In this post, I want to expose the challenges and risks that cripple data engineers and enumerates the forces that work against this discipline as it goes through its adolescence.

While the title of this post is sensationalistic and the content quite pessimistic, keep in mind that I strongly believe in data engineering — I needed a strong title that contrasts with my previous article. Understanding and exposing the adversity that the role is facing is a first step towards finding solutions.

Also note that the views expressed here are my own, and are based on observations made while talking to people from dozens of data teams across Silicon Valley. These views are not the views of my employer, or directly related to my current position.
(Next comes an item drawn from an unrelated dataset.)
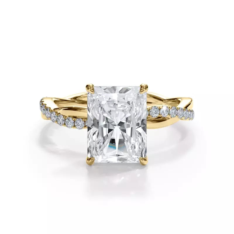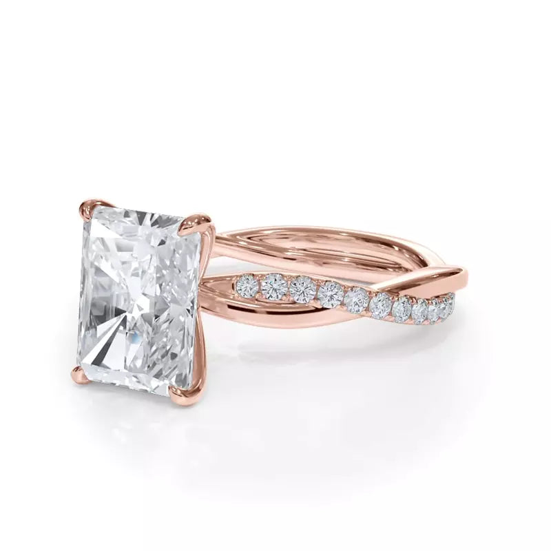 A contemporary twist engagement ring design featuring a striking Radiant brilliant-cut center diamond in a secure four-prong setting, with one strand of the band adorned with pavé-set diamonds and the other polished for contrast, creating a graceful, modern profile.

Boredom & context switching

When the idle time between iteration cycles is counted in hours, it becomes tempting to work around the clock to keep your “plates spinning”. When 5–10 minutes of work at 11:30pm can save you 2–4 hours the next day, it tends to lead to unhealthy work-life balance.

Consensus seeking

Historically, people used the pejorative term “data silo” to designate issues related to heterogenous analytics that would be scattered across platforms or use incompatible referential. Silos naturally spawn into existence as projects get started, teams drift and inevitably as acquisitions occur. It’s the task of the business intelligence (now data engineering) teams to solve these issues with methodologies that enforces consensus, like Master Data Management (MDM), data integration, and an ambitious data warehousing program. Nowadays, at modern fast pace companies, the silo problem quickly grows out of proportion, where you could use the term “dark matter” to qualify the result of the expansion of chaos that is taking place. With an army of not-so-qualified people pitching in, the resulting network of pipelines can quickly become chaotic, inconsistent and wasteful. If the data engineer is the “librarian of the data warehouse”, they might feel like their mission is akin to classifying publications in a gigantic recycling plant.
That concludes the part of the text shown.